The scowl on his face sure said otherwise. Ever since Hadley had told Dallas he was getting married for the second time, he’d rarely stopped smiling. Sappy enough to make Dallas look away. At the wedding two months ago, in which Dallas had served as best man, Hadley and his bride, Jenna, had gazed into each other’s eyes with apparent adoration. Had something happened to change that? Dallas didn’t like to think so any more than he wanted to believe his mom was truly ill. His only brother’s life, most of it spent in foster care, had been a hard one. His first marriage didn’t improve things, and then Hadley had suddenly become a widower, a single dad with a pair of newborns to look after. He doted on his now twenty-month-old twins and deserved only the best.
“Something’s bothering you.”
Hadley sighed heavily. The admission seemed torn from him. “Jenna’s great with the babies—our twins—and it feels like she’s always lived here on the ranch with me, but after I finished feeding horses this morning, I found her in the house, in the nursery, crying. She won’t tell me why.”
This was a new side of Hadley, who’d once tried to overcome their grim boyhood by covering up his feelings and pushing people away. Jenna had softened his edges, but there might be a simple explanation for this. Dallas was reminded of something an old rodeo buddy had experienced when he and his wife were having a baby. “What if she’s pregnant? Women get touchy, I hear.”
Another reason Dallas was staying single for now—he wasn’t ready to marry or become a parent. He liked his niece and nephew, but with Hadley’s twins, once the temper tantrums began, Dallas could go home. He preferred watching rodeo tapes to walking the floor all night with a crying baby. He supposed he’d change his tune, though, when he had one of his own. Someday.
Hadley’s mouth tightened. “Jenna can’t have children.”
“Sorry, I didn’t know.” It didn’t surprise him that Hadley hadn’t mentioned his wife’s infertility before. He’d probably seen no reason to share that with Dallas. After the decades they’d spent apart, they weren’t that close again yet. “Is she okay with that?”
“She has Luke and Gracie now,” his brother said.
Dallas wasn’t convinced that was the whole story, but he let it go. At the age of eight, years after their birth parents had dumped them on the state, Dallas had been shut inside a bedroom in the last foster home Hadley and he had shared. He could still remember the click of that door lock, the raw panic he’d felt at being alone, trapped. Because Hadley had robbed a store shortly after that, he had spent time in a detention center, then gone back into foster care. By then, Dallas had been adopted. The Maguires had tried to find Hadley but the trail had gone cold. Until last December, Dallas hadn’t known where Hadley was, and vice versa.
Hadley’s mood didn’t seem to be improving now, but Dallas still needed to ask about a job. “So. Reason I came by—I’m, uh, looking for work.”

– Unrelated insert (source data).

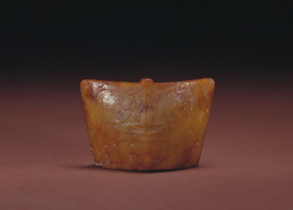 据分析,作品原系嵌于柱形器的角部,3件或4件为一组,这样的柱形器可能是玉琮之类的器物。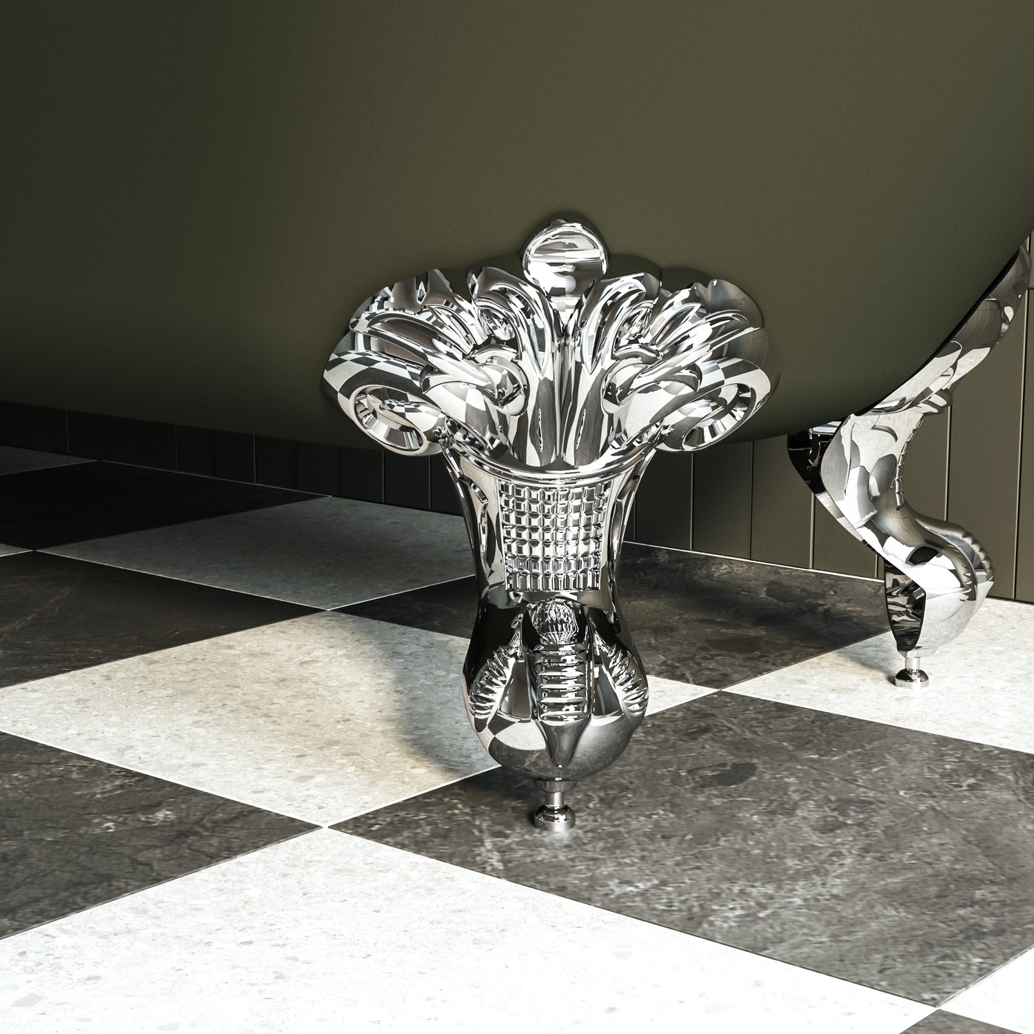 Chrome Detailing: Features polished chrome ball and claw feet and a coordinating chrome bath screen, which is movable 90 degrees inwards and outwards.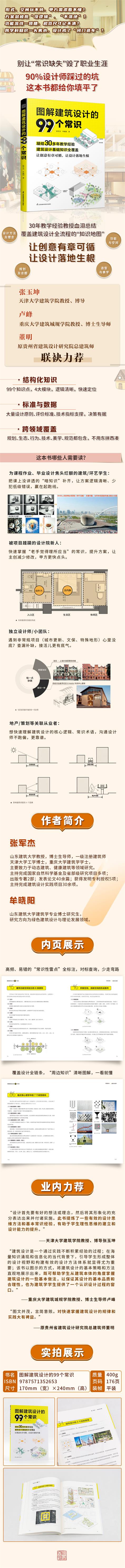 針對上述問題,本書主要從設(shè)計方法及理念、規(guī)劃及總圖、功能與空間、造型與美學(xué)4個方面對建筑設(shè)計的常識內(nèi)容進(jìn)行了總結(jié),并對一些基本原理進(jìn)行了梳理。通過提煉有相對明確標(biāo)準(zhǔn)的經(jīng)驗規(guī)律,讓學(xué)習(xí)過程有章可循,讓設(shè)計實踐也有一定的依據(jù),從而保證設(shè)計的基本品質(zhì)和合理性。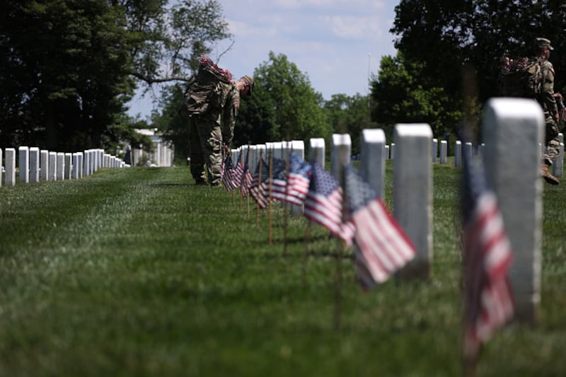 Arlington Cemetery flags ARLINGTON, VIRGINIA - MAY 27: A service member places small American flags in front of a gravesites as part of the “Flags In” ceremony ahead of the Memorial Day weekend at Arlington National Cemetery on May 27, 2021 in Arlington, Virginia. For the first time in 20 years, members from all joint services worked to place flags at each of the 260,000 headstones in the cemetery. The cemetery recently announced they would be relaxing the visitor restrictions imposed at the beginning of the coronavirus (COVID-19) pandemic, which has affected ceremonies and traditions over the last year. (Photo by Anna Moneymaker/Getty Images) (Anna Moneymaker/Getty Images)
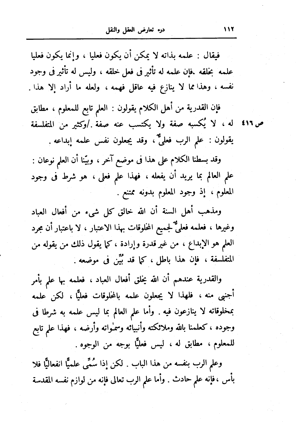 فإن القدرية من أهل الكلام يقولون: العلم تابع للمعلوم، مطابق له، لا يكسبه صفة ولا يكتسب عنه صفة.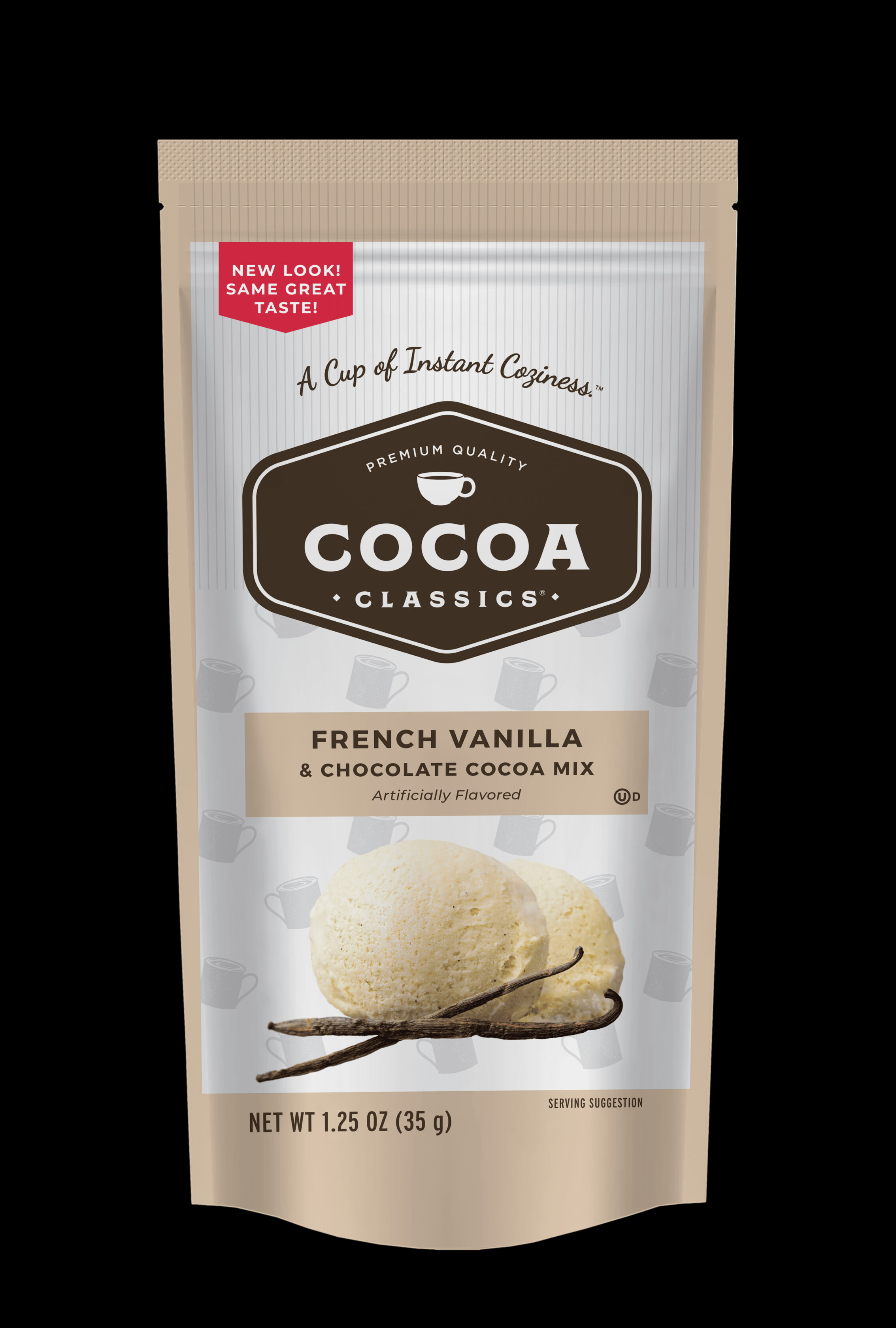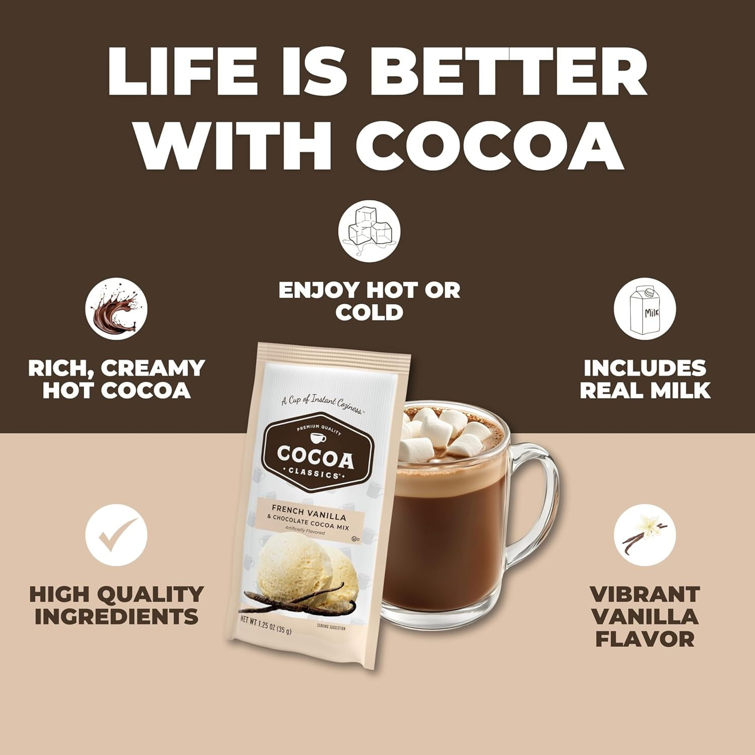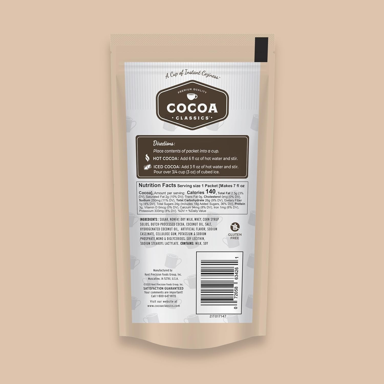 Let Cocoa Classics immerse you in a pool of delectable flavors. The rich chocolate cocoa crowned with a dense, decadent froth is sure to evoke warm memories of family and friends. Each flavor delicately balances cocoa, creaminess, and sweetness. Our classic dessert-inspired flavors are made from Dutch processed cocoa for smooth flavor and nonfat dry milk for a creamy froth, delivering that luscious cup of hot cocoa you expect from the Cocoa Classics family. Traditionally the perfect pick-me-up for cold days and rainy afternoons, it is a Cup of Instant Coziness™. Cocoa Classics instant hot cocoa is made using nonfat dry milk, so just add hot water for a rich, creamy, velvety cocoa. Place contents of packet into a cup. HOT COCOA: Add 6 fl oz of hot water and stir. ICED COCOA: Add 3 fl oz of hot water and stir. Pour over 3/4 cup (3 oz) of cubed ice.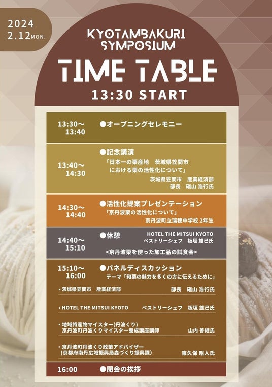 京丹波町(町長:畠中 源一)は、特産品である「京丹波栗」の魅力や価値の再確認、産業全体の活性化を目的とした「京丹波栗シンポジウム」を2024年2月12日(月・祝)に開催します。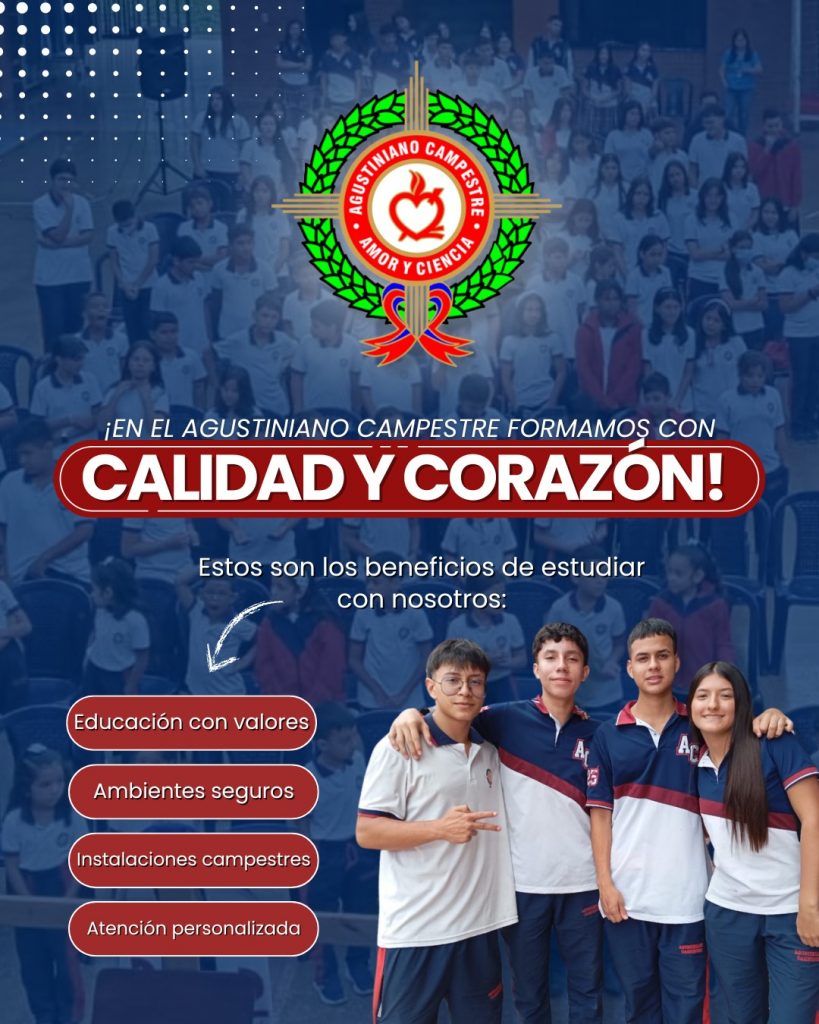 ¡En el Agustiniano Campestre formamos con calidad y corazón! Estos son los beneficios de estudiar con nosotros: Educación con valores – Ambientes seguros – Instalaciones campestres – Atención personalizada – ¡Y mucho más!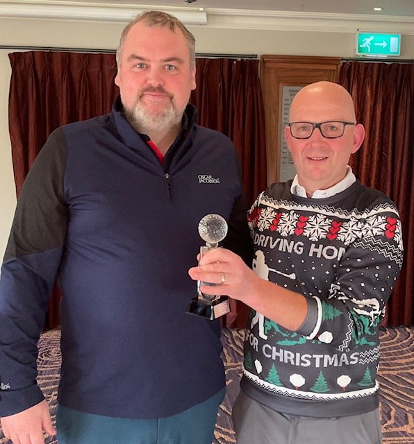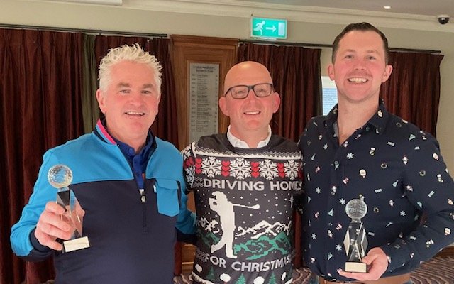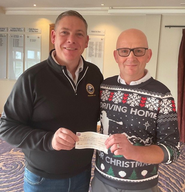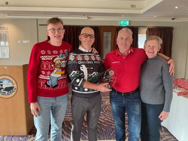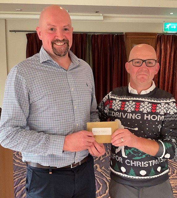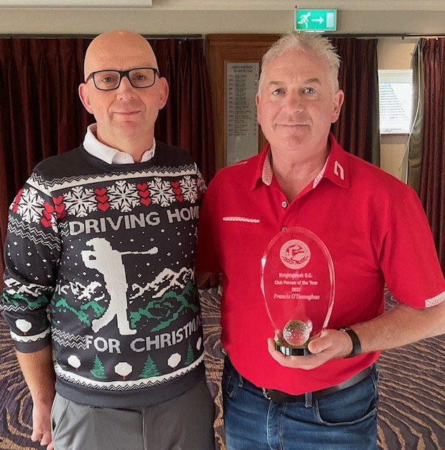 While the rain abated for most of the day, the wind was unrelenting as members took on the challenging conditions to play in the Knightsbrook Golf Club Annual Christmas Charity Day, dinner and presentations to celebrate the end of the golfing year. Captain Alan Codd presented the Club Person of the Year award to a shocked, Francis O Donoghue. The Treasurer, Owen Ganley presented a Cheque for €500, proceeds from a collection from members, to the Captain for Trim Meals on Wheels.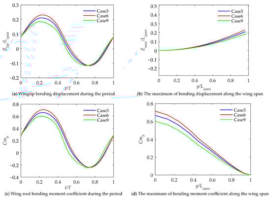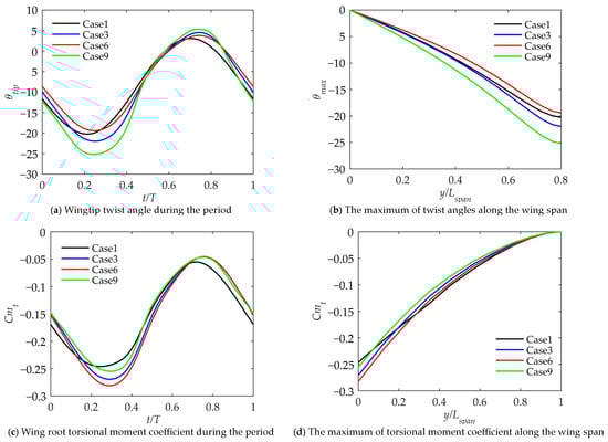 In order to further study the state of the wing and the effects of torsional and bending stiffness during the entire period, Case 1, Case 3, Case 6 and Case 9 were selected for comparison. Among them, Case 1 and Case 3 have the same torsional stiffness but different bending stiffnesses. Case 3, Case 6 and Case 9 have the same bending stiffness but different torsional stiffnesses. The initial geometric twist angle is taken as 0 degrees.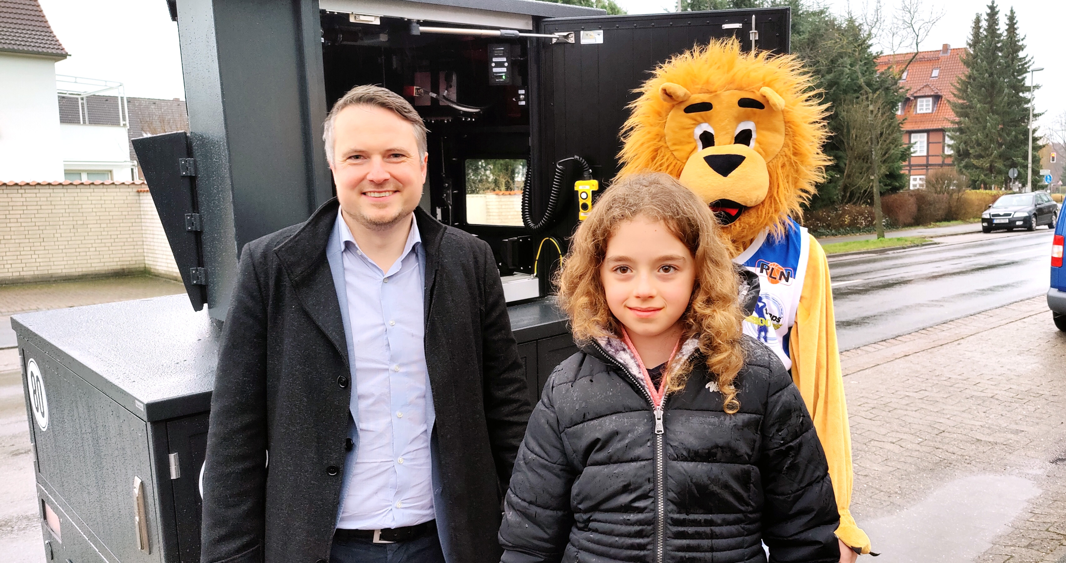 Nahaufnahmke der Flagge mit dem Stadtwappen Hintergrund blau-weiß

Hadley glanced deeper inside the barn, where Dallas heard movement from a stall. A second later a tall, rangy guy with rumpled dark hair stepped out into the aisle leading a dun-colored horse, and Dallas realized Hadley had said we about the fence. “Calvin Stern,” Hadley told him as the man approached, and Dallas’s confidence took a nosedive.
“Hey.” Calvin shook Dallas’s hand, put the horse in the second set of crossties, then disappeared into the nearby tack room.
“I hear in town the ranch is doing fine.” Dallas hurried on. “Rumor has it you’ve been buying more cattle.” He watched Calvin come out of the room carrying a saddle. “Thought you might be able to use another cowboy.” But obviously Hadley had already hired a hand, and the McMann ranch wasn’t that big or, for that matter, likely profitable enough to support a bigger crew after years of decline. Or did he think Dallas couldn’t do the work?
Hadley looked pointedly at the cane. “You’re hurt, Dallas.”
“I can still ride a cow pony,” he insisted.